Más tarde, al pasar por una frutería para comprar algo para el desayuno del día siguiente, escuché a dos hombres mayores discutiendo precisamente sobre la marcha. Les pregunté, sin rodeos, si creían que el estado de la ciudad tenía que ver con esa movilización. El frutero me miró con cierta resignación y me dijo: “ese es sólo un pretexto”. Luego de leer en mi rostro mi genuino interés, agregó que muchos de los que protestaban ni siquiera vivieron la dictadura. “Ya se les hizo costumbre destruir. Yo ya me cansé: cada vez que pinto la tienda, me la vandalizan ese mismo día. No tienen para comida, pero sí para pintura”, sentenció.

Al llegar al hospedaje, repetí la pregunta al dueño de la casa, un hombre de cerca de 80 años que, según me contó, llegó a Montevideo desde el interior hace 15 años. Me habló de la llegada de migrantes extranjeros, atraídos por la promesa de calidad de vida, que al no encontrar empleo caen en la indigencia y, con el tiempo, en el resentimiento. Su casona, por fuera, también estaba llena de pintas.
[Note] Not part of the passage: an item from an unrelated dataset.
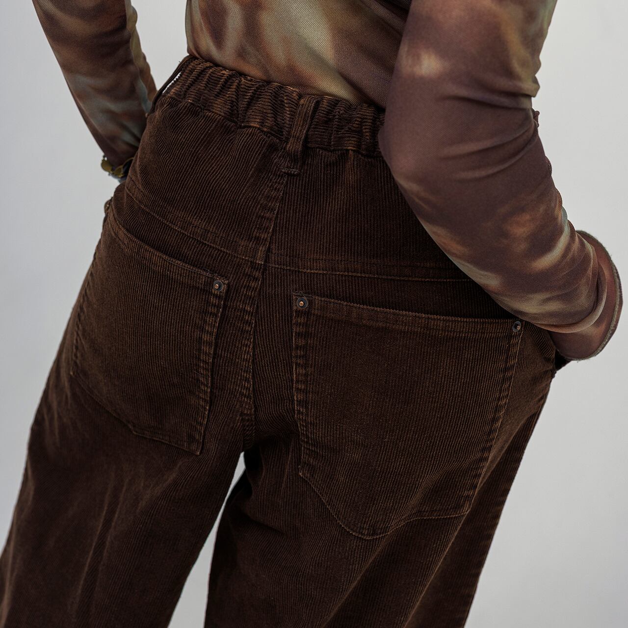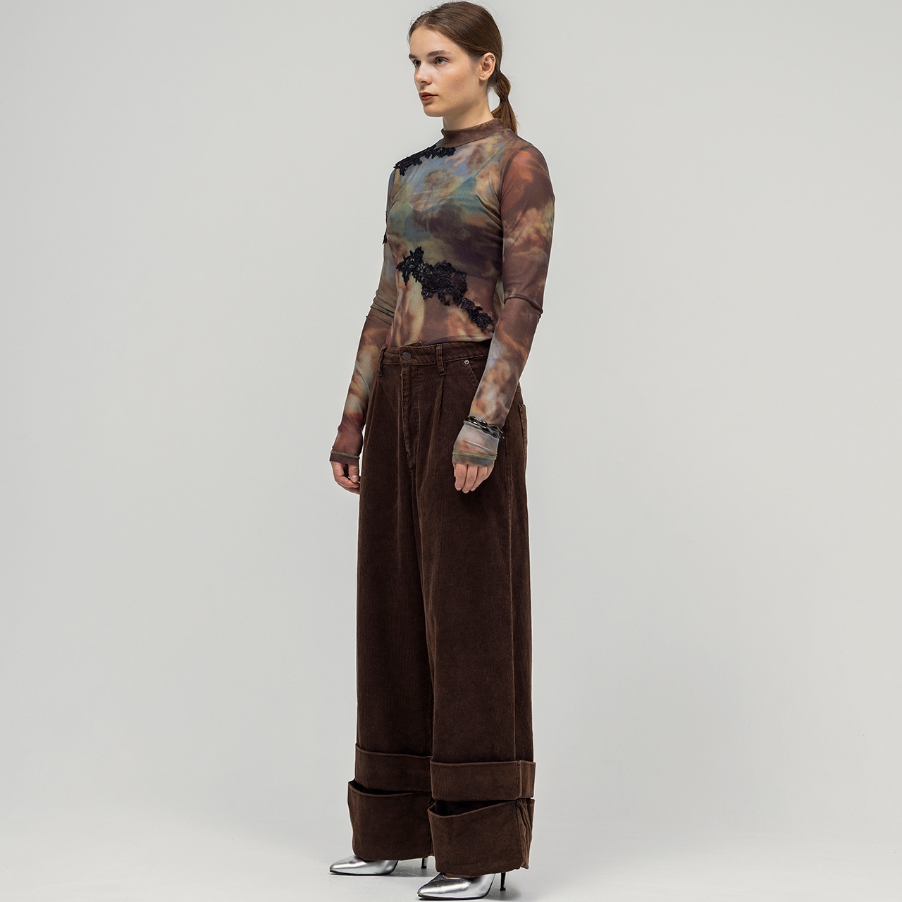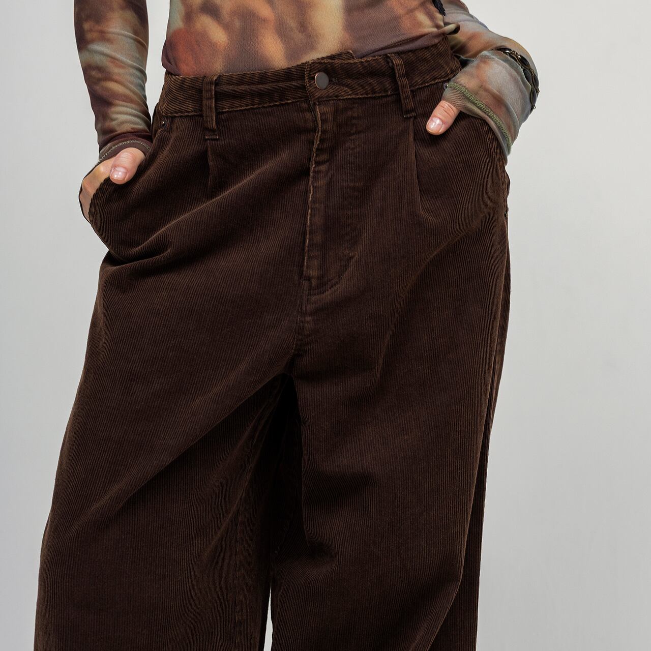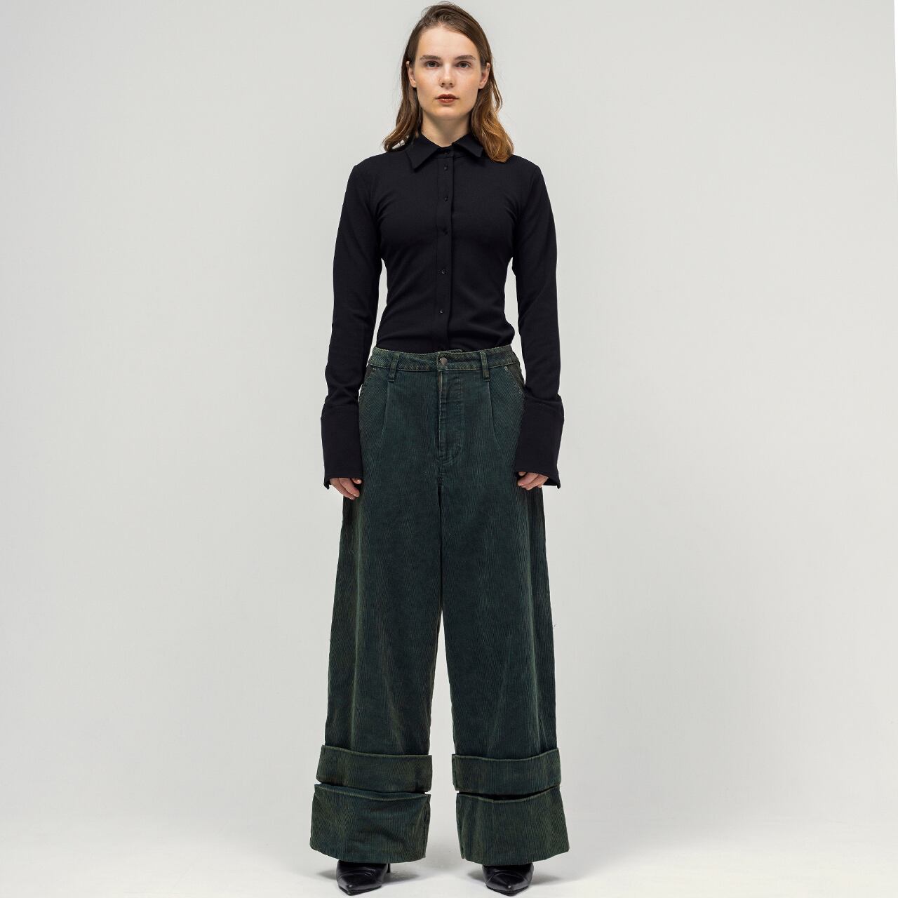 裾を大胆に折り返したダブルデザインが特徴的な、重厚感と抜け感を纏うワイドシルエットのコーデュロイパンツ。

Pensé entonces que el estado de la ciudad era resultado de una extraña combinación: la incapacidad de resignación de quienes han sufrido injusticias profundas, mezclada con la enorme capacidad de resignación de aquellos —incluidas las autoridades— que ya no hacen nada para evitar que les destruyan sus propiedades. Imaginé, entonces, un mundo utópico en el que unos aprendieran de los otros, en beneficio de aquello que comparten: la bellísima ciudad de Montevideo.